Intestinal microbial metabolites and central nervous system
Short-chain fatty acids
Dietary fibers enter the colon, and are fermented by microorganisms to produce short-chain fatty acids (SCFAs), which affect the central nervous system (CNS) through various mechanisms (9). After production, SCFAs are absorbed by colonocytes mainly through H+-dependent monocarboxylate transporters (MCTs) or Na+-dependent monocarboxylate transporters (SMCTs) (10). By inhibiting the activity of histone deacetylases (HDACs) or increasing the activity of histone acetyltransferases (HATs), acetylation can be stimulated to produce chromatin with transcriptional activity and promote gene transcription, thus affecting the brain development and a series of neuropsychiatric diseases such as depression, schizophrenia and Alzheimer’s (11). SCFAs interact with the CNS by binding to free fatty acid receptor 2 (FFAR2 or GPR43), free fatty acid receptor 3 (FFAR3 or GPR41), GPR109a/HCAR2, and GPR164. SCFAs interact with receptors on enteroendocrine cells to stimulate their L cells to secrete glucagon-like peptide 1 (GLP-1), peptide YY (PYY), which indirectly send signals to the brain through the systemic circulation or vagus-nerve pathway (12). SCFAs can cross the blood-brain barrier (BBB) through MCTs located on the endothelial cells, and affecting the BBB integrity by upregulating the expression of tight junction proteins, regulating the growth and development of neurons and synapses, and then affecting the nervous system (13). Finally, in the CNS, SCFAs also affect the morphology and function of microglia, regulate neurotrophic factor levels, increase neurogenesis, promote serotonin biosynthesis, and improve neuronal homeostasis and function to influence neuroinflammation (14) (Figure 1).
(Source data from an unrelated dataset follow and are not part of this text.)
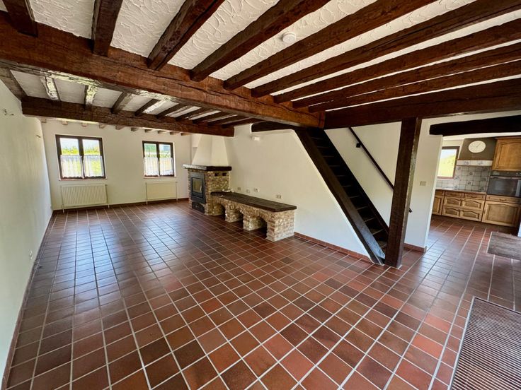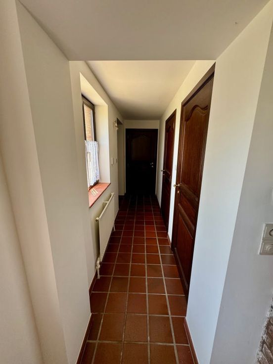 Lasne (réf 2660 B) : Dans une rue très calme et avec une vue sur les champs SANS AUCUN VIS-A-VIS mais proche du centre de Lasne! Très sympathique maison (style fermette) TRES LUMINEUSE. Elle se compose : Au rez-de-chaussée : hall d'entrée, grand salon avec FO, une cuisine équipée, un bureau/salle de jeu/chambre bébé et un WC séparé. Au 1er étage : 2 chambres avec grand débarras sous pente de toiture, 1 salle de bains avec baignoire, wc, bidet et 2 lavabos. Au sous-sol une grande cave (cellier). Grande terrasse en pierre bleue (64 m²) & jardin de 14 ares PLEIN SUD - SUD/OUEST. garage 2 voitures (Gd garage double 60 m² pr atelier,,,) + 4 emplacements de parking. DIVERS : Chauffage au mazout - double vitrage en méranti. PEB = D. LIBRE A L’ACT E. FAIRE OFFRE A PARTIR DE 450.000€ (SOUS RESERVE DE L'ACCORD DES PROPRIETAIRES). Infos & Visites Century 21 Boondael 02/660.21.21 OU www.century21boondael.be
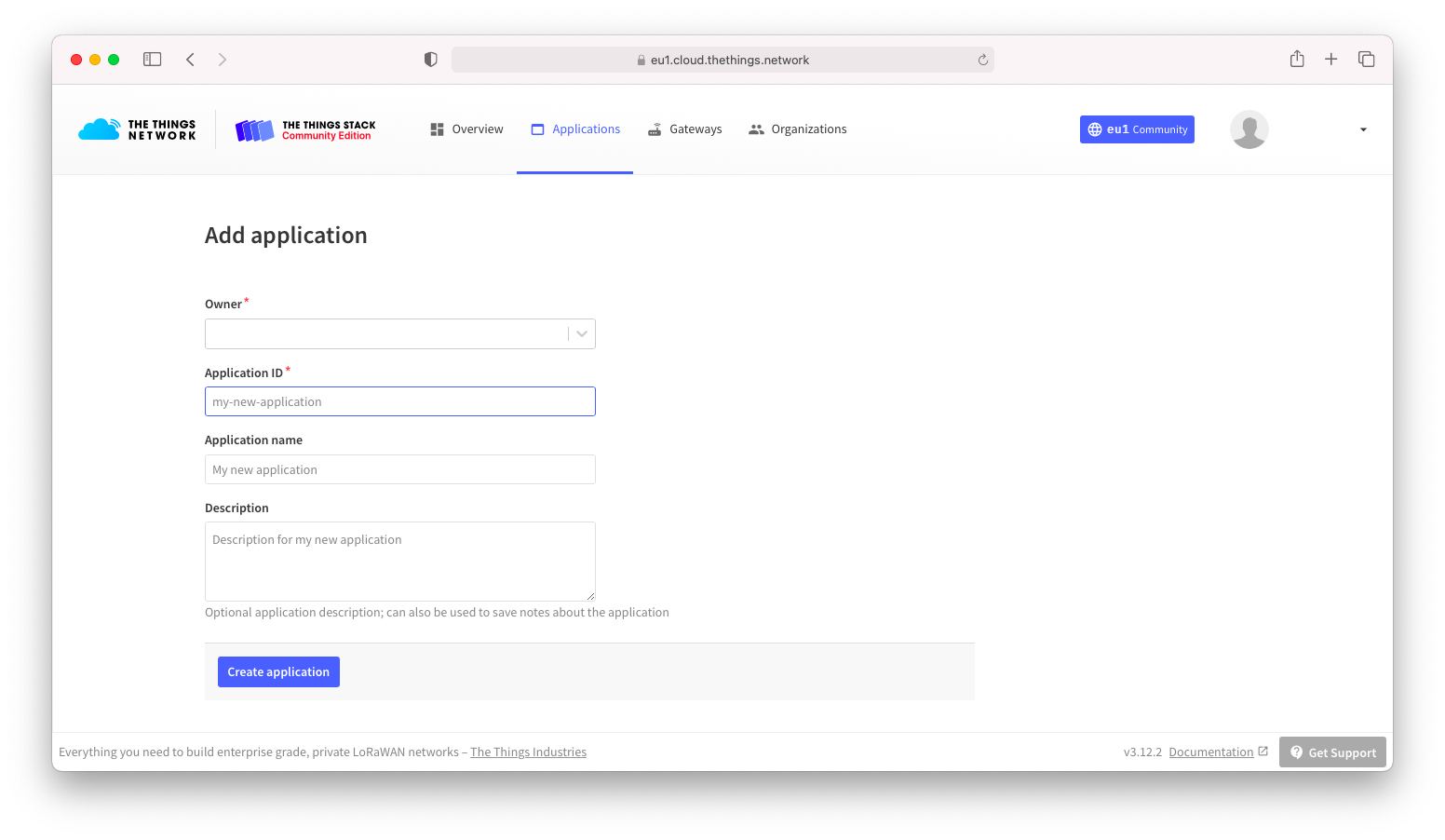Selecting the Applications tab at the top of the TTN console, will bring up a screen for registering applications.
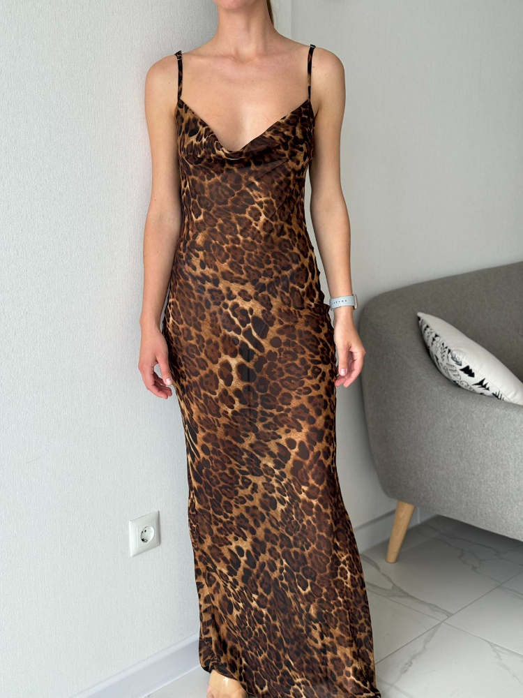 Fleepmart Summer Leopard Sexy See Through Maxi Backless Sheer Beach Lace Up Elegant Floor Length Holiday Dress
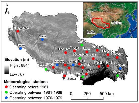 Spatial distribution of the meteorological stations over the mid-south of Tibetan Plateau considered in this study. The stations that are valid during 1961–2017, 1970–2017 and 1980–2017 are denoted by red, green and blue circles, respectively.
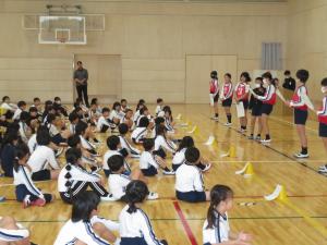 会の中では、1年生が自己紹介をしたり、各班でめあてを考えたりしました。会場となる体育館には、6年生と1年生が手をつないで入退場し、とてもあたたかい雰囲気の集会となりました。
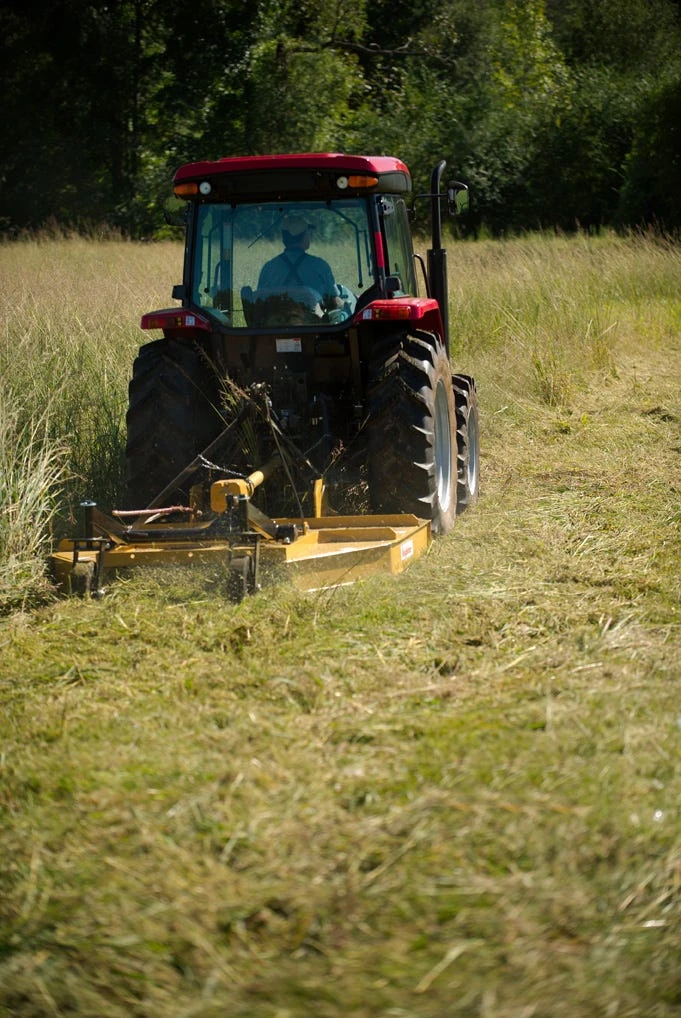 KING KUTTER’S HEAVY DUTY KUTTERS are designed to meet the needs of any tough job. It is constructed of extra heavy material, 8″ I-Beam side rails, and a 3/16″ single sheet top deck that is fully reinforced with cross and spider bracing, this Kutter is built to perform. Each kutter has a splined cast iron gearbox, a shielded PTO shaft with slip clutch, a solid 3/4″ thick steel plate blade carrier, a heavy duty wheel fork(s), a top link swivel, and adjustable laminated tail wheel(s).

Figure 1. Short-chain fatty acids affect central nervous system activity. SCFAs are absorbed by colonocytes mainly through MCT or SMCTs. By inhibiting the activity of HDACs or increasing the activity of HATs, acetylation can be stimulated to produce chromatin with transcriptional activity and promote gene transcription. SCFAs bind to GPR43, GPR41 on enteroendocrine cells to stimulate their L cells to secrete GLP-1, PYY, GABA, and 5-HT, send signals to the brain. SCFAs can upregulate the expression of tight junction proteins, regulating the growth and development of neurons and synapses. Finally, in the CNS, SCFAs affect the morphology and function of microglia to influence neuro inflammation. SCFAs, short-chain fatty acids; MCTs, H + –dependent monocarboxylate transporters; SMCTs, Na+-dependent monocarboxylate transporters; HDACs, histone deacetylases; HATs, histone acetyltransferases; GPR43, free fatty acid receptor 2, GPR41, free fatty acid receptor 3; GLP-1, glucagon-like peptide 1; PYY, peptide YY; GABA, gamma-aminobutyric acid; 5-HT, 5-hydroxytryptamine; BBB, blood-brain barrier.
Secondary bile acids
Bile acids (BAs) are synthesized from cholesterol in the liver as critical component of bile. The unabsorbed BAs are converted to secondary BAs in the colon by further biotransformation reactions, such as ursodeoxycholic acid (UDCA) and its conjugated derivative tauroursodeoxycholic acid (TUDCA) (13). BAs regulate the permeability of the gut and BBB by disrupting the tight junctions, thereby directly affect brain function (15). They also stimulate the release of GLP-1 and fibroblast growth factor 19 (FGF19) by activating farnesoid X receptor (FXR) in the gut to signal the CNS (16). Intestinal GLP-1 enters the blood and activates the brain by activating vagal afferent fibers, influencing feeding behavior and blood sugar levels (17). FGF19 induces anorexia by binding to receptors expressed in the arcuate nucleus (ARC) of the hypothalamus, inducing extracellular signal regular-regulated kinase (ERK)1/2 signaling and inhibiting gonadotropin-releasing hormone-related peptide/neuropeptide Y (AGRP/NPY) neuronal activity (18). BAs can also affect immune responses; for example, UDCA activates G protein-coupled bile acid receptor 1 (GPBAR1) expressed on microglia and increases cyclic adenosine monophosphate (cAMP) levels, thereby mediating its anti-inflammatory effect on microglia (13). In addition, TUDCA induces the transcription of interleukin-1 receptor-associated kinase M (IRAK-M), an inhibitor of the nuclear factor kappa-B (NF-κB) pathway, which inhibits the activity of IRAK-1 and IRAK-2 kinases induced by the activation of the lipopolysaccharide (LPS)-toll-like receptor 4 (TLR4) pathway. These and other pro-inflammatory pathways are prerequisites for activating downstream targets such as NF-κB, c-Jun N-terminal kinase (JNK), and p38RK. Therefore, TUDCA inhibits the pro-inflammatory pathway by promoting the expression of NF-κB inhibitors (such as IRAK-M) (19) (Figure 2).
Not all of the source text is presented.